Why nobody skied the entire length of the Vallée Blanche this winter?

4 February 2022

Tags: Green Eco-Friendly Sustainable Ski Holidays Eurostar & Ski Train Holidays 2024/2025 Club Med

Why nobody skied the entire length of the Vallée blanche this winter?

There are two things that strike fear in off-piste skiers and snowboarders, avalanches and crevasses!  But now there is a third, climate change!

The famous Vallée Blanche above Chamonix looks set to lose its status as one of the longest lift-served ski runs in Europe, at least for this winter!  Climate change is melting away the Mer de Glace glacier that lies beneath it. Threatening this iconic ski runs both this year and in the future.

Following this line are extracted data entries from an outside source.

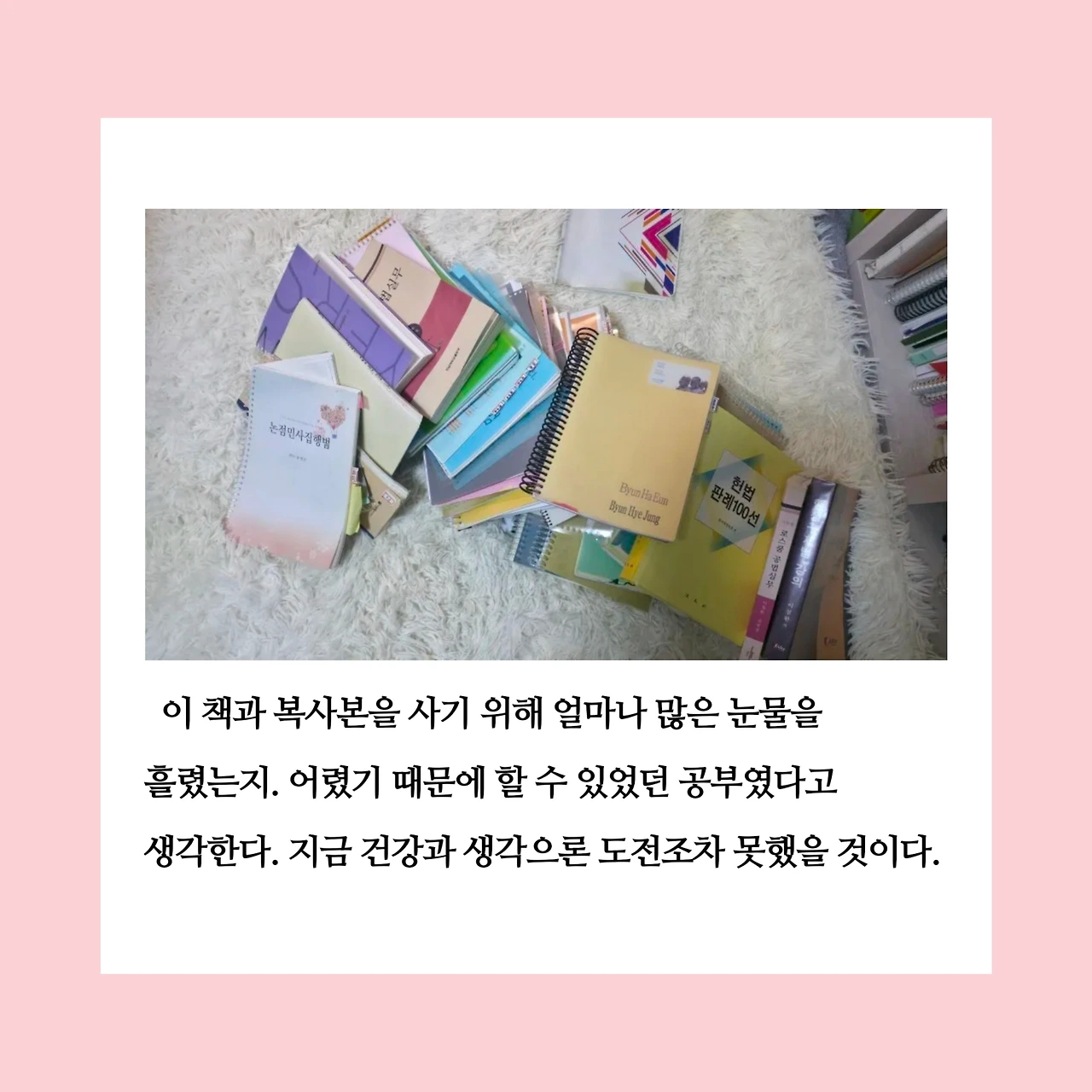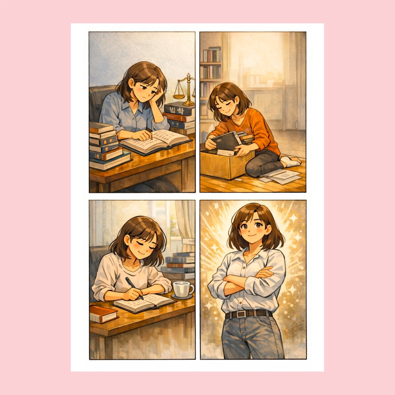 하루 6시간이라. 그렇게 생각하고 보니 별거 아닌데?라는 생각이 들었다. 그러다 하루 6시간 이상 10년 넘게 법 분야를 공부했다는 생각에 마음이 갑자기 쪼그라든다. 전문가가 된다며.라고 하기엔 나는 이도 저도 아닌 나부랭이가 된 것 같아서다. 그런 생각을 하던 중 침실에 놓인 책장에 아직도 꽂혀 있는 수험서들이 눈에 들어왔다.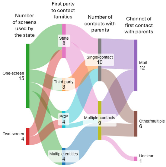 A Sankey diagram showing number of states with key features that would impact implementation of informatics-supported NBS follow-up tool using four questions: How many screens does the state perform? Which party makes the first contact with parents? How many times is contact attempted with a parent by any party for NBS return of results? And what is the first communication channel used by any party to contact parents for NBS return of results?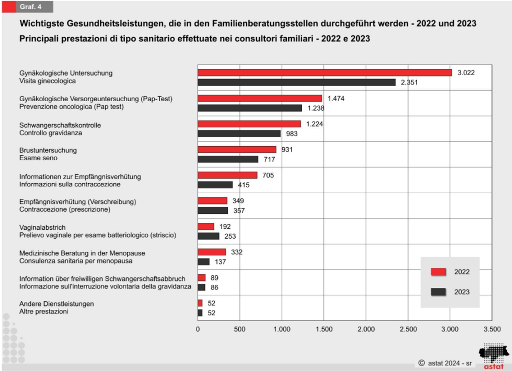 Im Jahr 2023 wurden 6.589 Gesundheitsleistungen erbracht, was einem Rückgang von 27 Prozent gegenüber 2022 entspricht. Die gynäkologischen Untersuchungen machen dabei 35,7 Prozent der Leistungen aus. Eine Ausnahme bildet der Vaginalabstrich, der von 253 Frauen in Anspruch genommen wurde (im Vergleich zu 192 im Jahr 2022).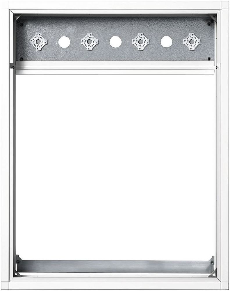 Modul-Gehäuse zur Aufnahme von einem Briefkasten- oder Ablagefachmodul und einem Montagerahmen MR 611-4/1-0 für Funktionsmodule bzw. Infoschild-Modul oder Flächenleuchte im oberen Teil. Dem Adapter liegt das erforderliche Zubehör zur Montage auf dem bestehenden Unterputz-Gehäuse bei. Durch das vergrößerte Aufnahmevolumen des Briefkastens trägt der Rahmen ca. 50 mm auf der Wand auf.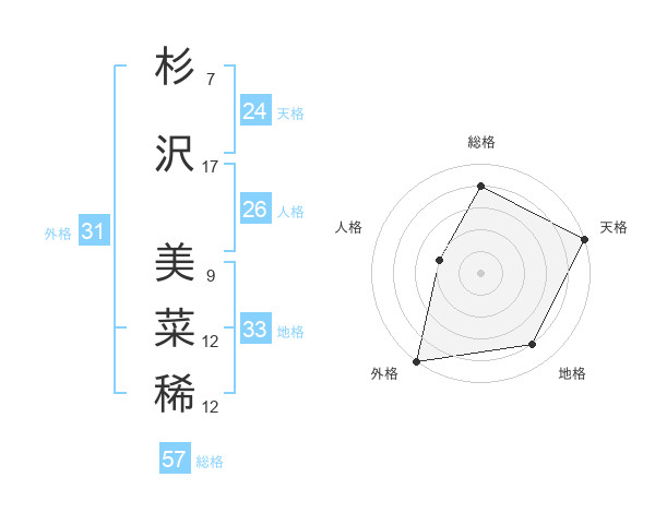 杉沢 美菜稀さんの総格は57画の4点!

The ski run in a good year is 20km long, with a potential vertical descent of around 2700m, which begins from the access point at the Aiguille du Midi lift station. This is located at 3,842m and runs all the way back down to Chamonix at an altitude of 1,100m.

It’s estimated of the 80,000 skiers and boarders that make the 4 to 6-hour descent each winter in recent years they have ended their descent at Montenvers, at 1,800m.  So far this winter we understand that no one has been able to complete the run down to Chamonix due to lack of snow.

It is still just about possible to ski down to the Montenvers point, from there you climb a series of metal steps to a gondola which takes you up to a mountain railway station which takes you back to Chamonix. Very worryingly, 30 years ago there were only a couple of steps but since 1990 the glacier has retreated by over 100 metres of depth at the Montenvers point and there are now more than 430 steps to climb up. As each year passes another 10 steps are added to the climb, a sobering message to us all about the worrying effects of climate change.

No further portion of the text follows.